The lemon juice is noticeable and helps to refine the relish. I even added a little more fresh lemon to the Purple Haze and it brought even more flavor to the sauce. These are absolute lemon lovers on my part. Chances are you’ll fall in love with the balance of the lemon while the sauce is standing.
With habaneros (100,000-350,000 Scoville heat blocks) in the ingredient list and the word psychedelic on the label, you’d think Purple Fog Hot Sauce would contain some hard-to-handle heat. Not in this case. Habanero peppers give a firm medium heat without too much spice.

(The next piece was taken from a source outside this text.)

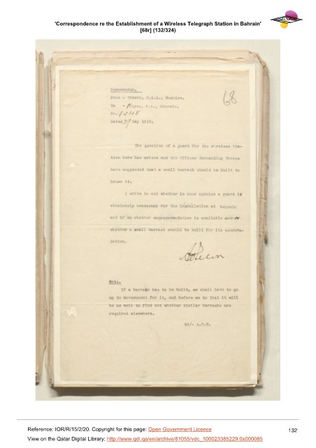 'Correspondence re the Establishment of a Wireless Telegraph Station in Bahrain'

If you can handle the heat of a typical cooking chili like fresh jalapeños (2,500 to 8,000 SHU) and cayenne (30,000 to 50,000), you can handle the heat here. Somewhere in this range, depending on the spoon. The spiciness is well balanced with the flavor profile, although it was a bit inconsistent for me at times. Some bite harder than others. This problem can probably be solved by shaking the bottle every time you use it.
With this list of ingredients, where do you start for fun? It doesn’t look like it will work with many things, but you’d be surprised. Remember, red cabbage is more for color than for flavor. It’s that sweet, complex spiciness that comes through in the psychedelic Purple Hayes hot sauce.
I tried it with one of my favorite tacos (pulled pork with fresh pineapple and cabbage – I had vegetarian pulled pork, but it works both ways) – cotton ball. It also works on nachos, and I loved it on my avocado toast. It added just the right amount of salt and sweet without making me crave more heat. The sweetness also goes well with seafood and chicken.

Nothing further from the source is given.